* **Record set**:

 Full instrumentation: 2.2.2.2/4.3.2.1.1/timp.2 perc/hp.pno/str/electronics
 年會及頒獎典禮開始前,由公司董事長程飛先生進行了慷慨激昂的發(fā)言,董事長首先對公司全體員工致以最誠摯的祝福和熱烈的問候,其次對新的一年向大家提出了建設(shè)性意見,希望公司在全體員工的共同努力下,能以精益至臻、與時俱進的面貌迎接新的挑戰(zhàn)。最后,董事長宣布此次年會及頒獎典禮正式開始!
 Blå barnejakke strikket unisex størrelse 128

...

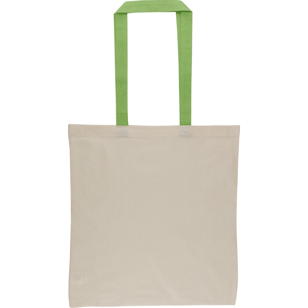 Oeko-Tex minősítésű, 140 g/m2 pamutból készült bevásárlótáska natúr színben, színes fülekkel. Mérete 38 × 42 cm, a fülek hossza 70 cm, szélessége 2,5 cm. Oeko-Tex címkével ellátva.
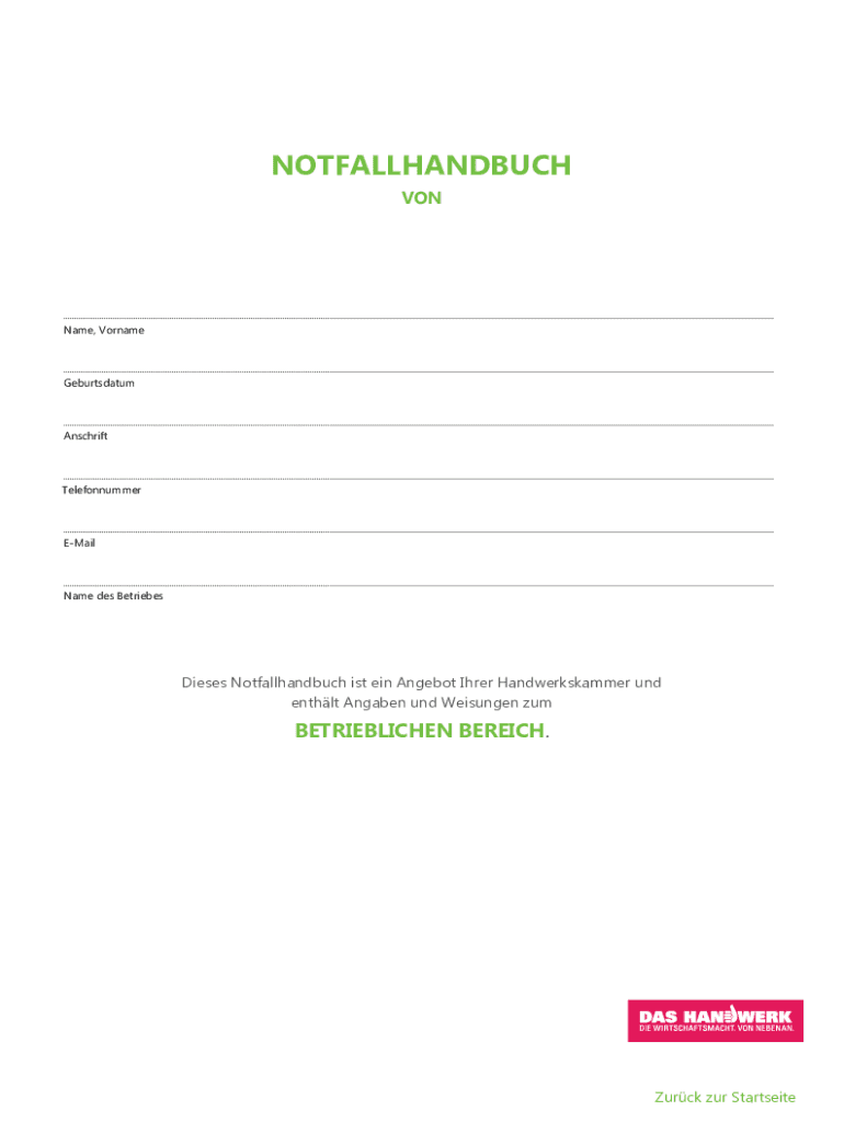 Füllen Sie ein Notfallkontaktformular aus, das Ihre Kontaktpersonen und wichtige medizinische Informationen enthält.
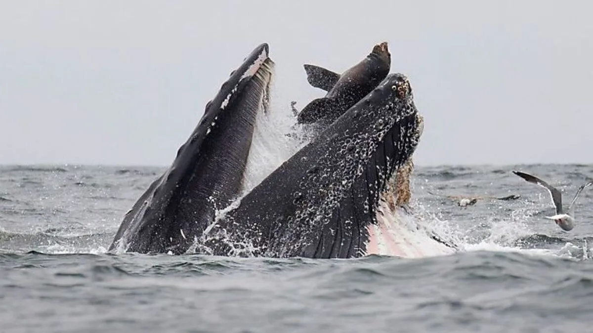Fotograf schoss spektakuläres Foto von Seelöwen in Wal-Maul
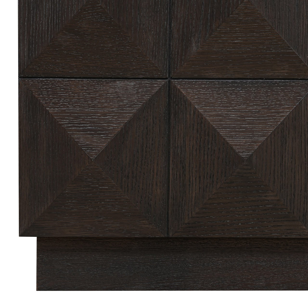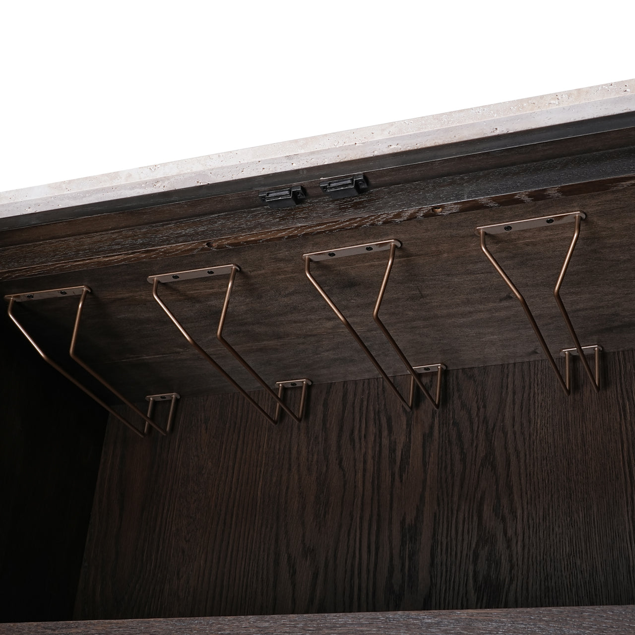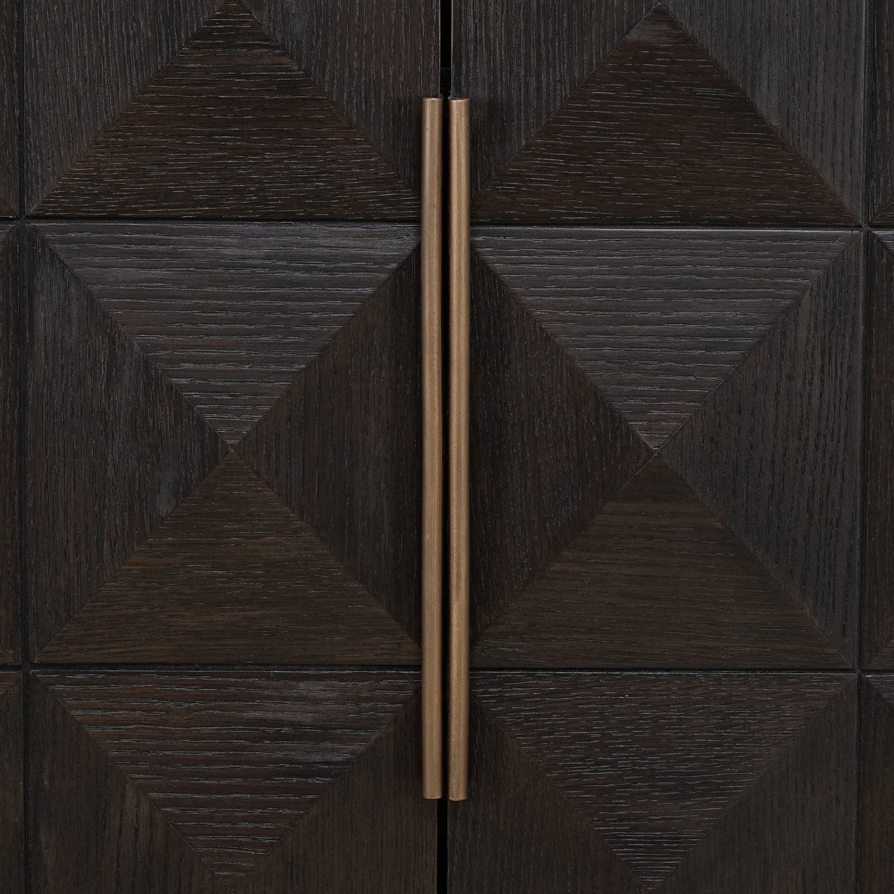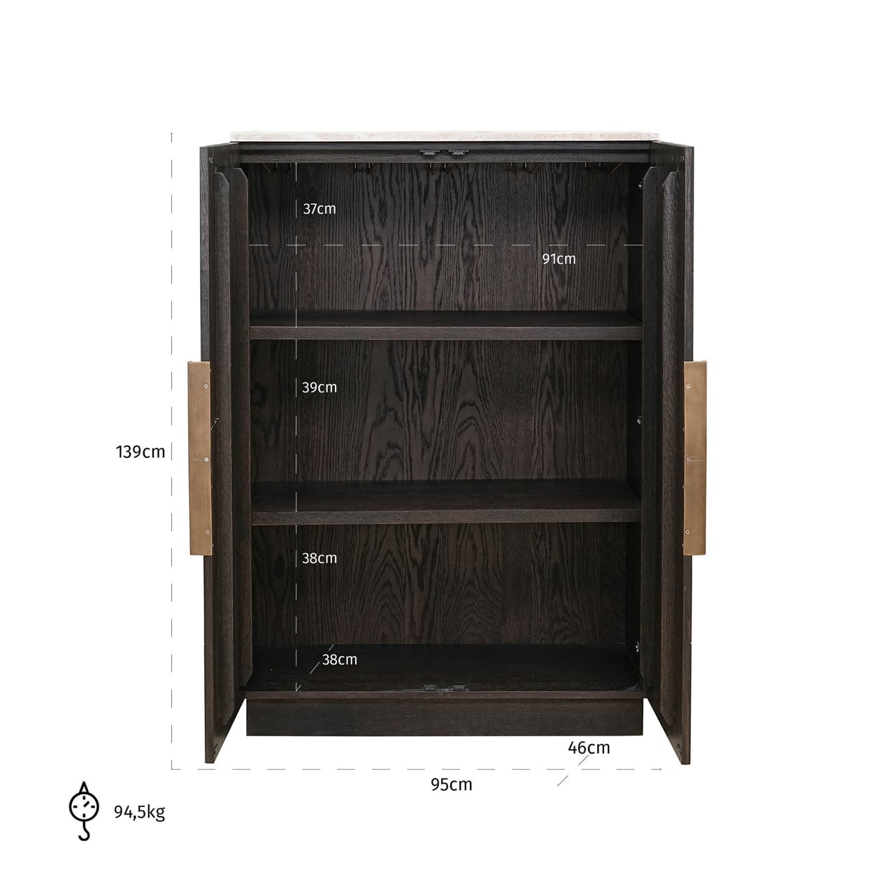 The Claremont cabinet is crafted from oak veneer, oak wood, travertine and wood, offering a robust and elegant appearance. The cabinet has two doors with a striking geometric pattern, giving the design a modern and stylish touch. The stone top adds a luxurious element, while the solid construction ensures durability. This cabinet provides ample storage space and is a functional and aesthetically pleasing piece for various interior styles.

==

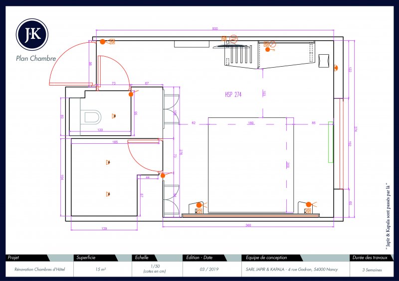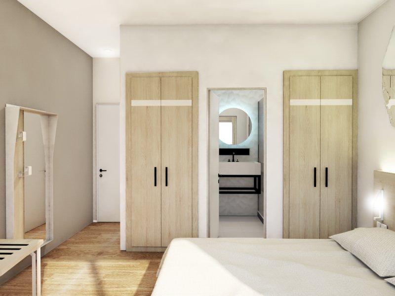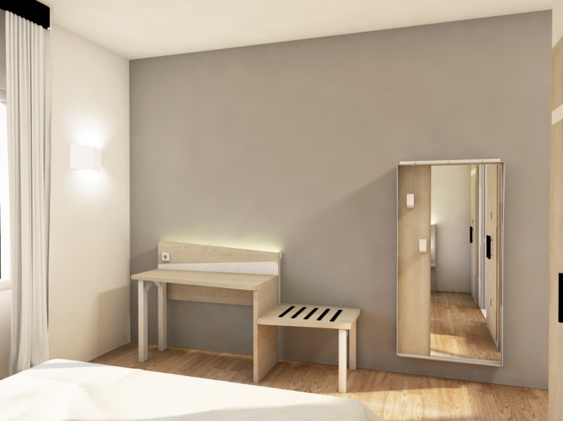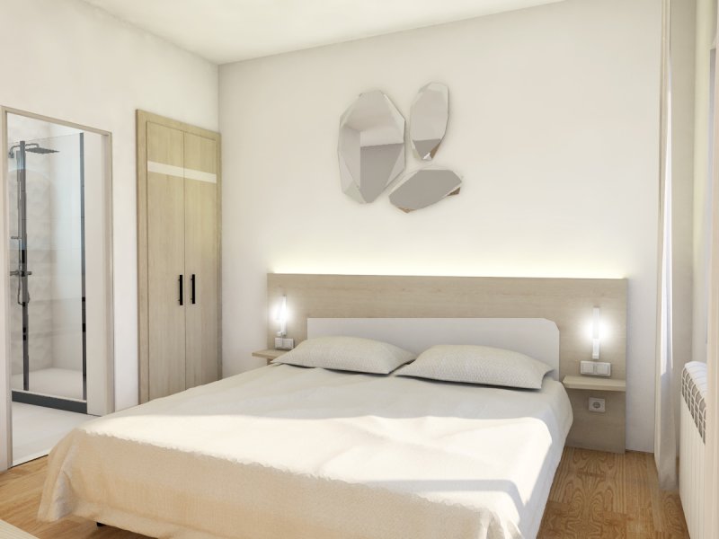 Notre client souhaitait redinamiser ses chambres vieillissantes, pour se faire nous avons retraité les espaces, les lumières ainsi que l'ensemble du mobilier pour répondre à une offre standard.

* **What this task involves**: What is wanted is an exact copy of the lines above from the one containing "Oeko-Tex minősítésű, 140" through the one containing "Fotograf schoss spektakuläres", with no pictures in it.

* **Result for this task**:
 Oeko-Tex minősítésű, 140 g/m2 pamutból készült bevásárlótáska natúr színben, színes fülekkel. Mérete 38 × 42 cm, a fülek hossza 70 cm, szélessége 2,5 cm. Oeko-Tex címkével ellátva.
 Füllen Sie ein Notfallkontaktformular aus, das Ihre Kontaktpersonen und wichtige medizinische Informationen enthält.
Fotograf schoss spektakuläres Foto von Seelöwen in Wal-Maul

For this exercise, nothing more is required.